## Task statement
Given the records below, the lines starting at the line with "中国网络视听协会数据显示,2" and ending at the line with "CÓRDOVA JIMÉNEZ ROSARIO" should be output exactly, both end lines kept and pictures left out.

## Given data
──────

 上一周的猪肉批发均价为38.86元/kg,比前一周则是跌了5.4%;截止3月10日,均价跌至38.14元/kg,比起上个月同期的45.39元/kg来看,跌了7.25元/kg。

──────

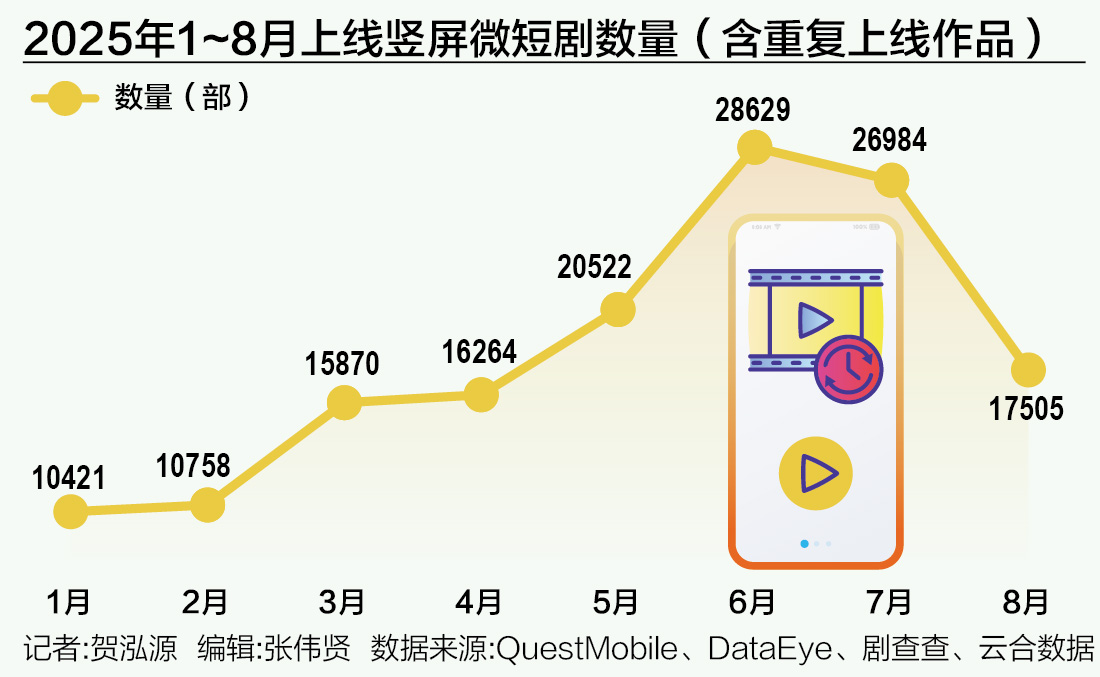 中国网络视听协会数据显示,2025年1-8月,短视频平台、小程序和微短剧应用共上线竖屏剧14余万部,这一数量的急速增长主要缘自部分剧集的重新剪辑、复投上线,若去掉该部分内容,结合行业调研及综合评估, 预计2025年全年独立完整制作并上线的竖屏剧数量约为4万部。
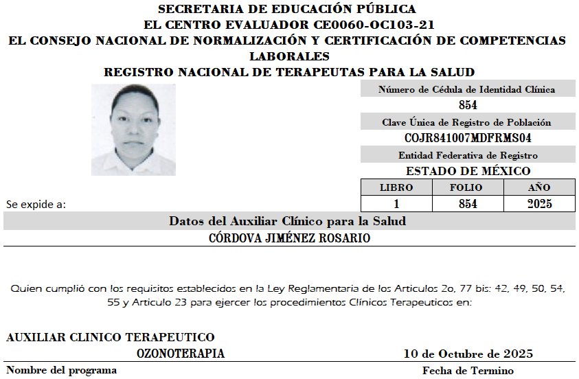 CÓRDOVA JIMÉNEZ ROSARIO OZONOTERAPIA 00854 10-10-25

──────

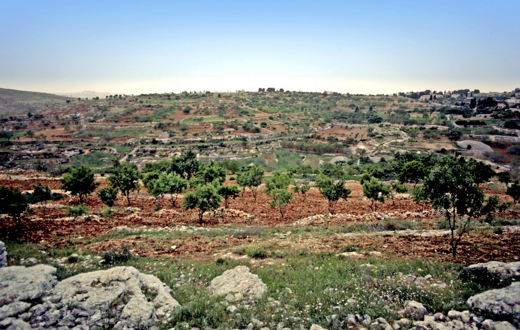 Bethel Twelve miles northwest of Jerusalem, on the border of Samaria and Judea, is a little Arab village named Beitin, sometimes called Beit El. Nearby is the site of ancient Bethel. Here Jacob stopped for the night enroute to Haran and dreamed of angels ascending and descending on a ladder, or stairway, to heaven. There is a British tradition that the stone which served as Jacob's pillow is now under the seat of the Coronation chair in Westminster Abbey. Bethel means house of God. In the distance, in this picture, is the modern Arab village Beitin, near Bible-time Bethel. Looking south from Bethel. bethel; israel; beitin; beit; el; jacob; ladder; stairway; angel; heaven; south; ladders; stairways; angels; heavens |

──────

## Expected answer
 中国网络视听协会数据显示,2025年1-8月,短视频平台、小程序和微短剧应用共上线竖屏剧14余万部,这一数量的急速增长主要缘自部分剧集的重新剪辑、复投上线,若去掉该部分内容,结合行业调研及综合评估, 预计2025年全年独立完整制作并上线的竖屏剧数量约为4万部。
 CÓRDOVA JIMÉNEZ ROSARIO OZONOTERAPIA 00854 10-10-25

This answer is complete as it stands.